En una solemne ceremonia televisada a toda la nacional, Xi Jinping subió a la palestra seguido del resto de oficiales por orden de rango. Tras él –renovado como jefe de la Comisión Militar Central–, apareció el primer ministro, Li Keqiang. El más que probable presidente del Poder Legislativo y ámigo íntimo del presidente, Li Zhanshu; el viceprimer ministro, Wang Yang; el ideólogo del Partido, Wang Huning; el nuevo jefe del comité disciplinario, Zhao Leji; y Han Zheng, jefe de partido en Shanghai.

Sus nombramientos, para muchos analistas concebidos con antelación, fueron oficialmente extraídos de la votación que momentos antes a su presentación en público tuvo lugar en el simbólico edificio de la Plaza de Tiananmen. Allí votaron los 204 miembros del Comité Central –el tercer escalón en el poder de la formación comunista– que habían sido seleccionados en la clausura del 19º Congreso del PCCh el día anterior, la misma jornada en la que se anunció la inclusión del «Pensamiento de Xi» en la Constitución del Partido convirtiéndose en la línea ideológica de China y del nuevo comunismo y situándole a la mismma altura del Gran Timonel, Mao Zedong. «Xi aspira a ser el Mao del siglo XXI y puede tener éxito, ya que ha logrado destruir facciones de la oposición como la de Shanghai bajo Jiang Zemin y la de la Juventud Comunista con Hu Jintao», destacó Lam. Con la nueva alineación, una vez más Xi ha demostrado querer encumbrarse no solamente en términos ideológicos, sino con movimientos políticos como si de una partida de ajedrez se tratara. Pese a haber realizado algunas concesiones a otros grupos de influencia en el Partido como Wang Yang, de la Liga de Jóvenes Comunistas, o Chen Liangyu del grupo de poder del ex presidente Jiang Zemin. la mayoría de su Gabinete está formado por figuras afines y de confianza. Para el profesor Lam «estamos volviendo a la situación de la regla de un solo hombre bajo Mao» de manera que los hombres fuertes en su entorno aplican sus decisiones a pies juntillas y «no se atreven a contradecirle». No hay cabida a la crítica.
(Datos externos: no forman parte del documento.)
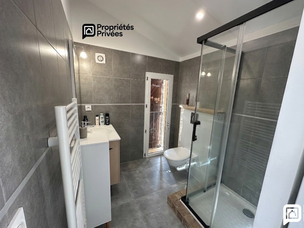 - Une salle d'eau avec vasque, sèche-serviettes et WC.

Entre ellas, las reformas internas y externas necesarias para entrar en una «Nueva Era» en la que China trate de consolidarse como una potencia global para 2035 capaz de superar a Estados Unidos en 2050, destacó un todopoderoso Xi que para esas fechas ya habrá dejado a alguien al frente del país, un sucesor que de cualquier manera saldrá del nuevo Buró Político de 25 miembros, el segundo órgano de poder del Partido que ayer también fue elegido y cuya mayoría de componentes son personas de confianza del presidente como Ding Xuexiang o Chen Miner.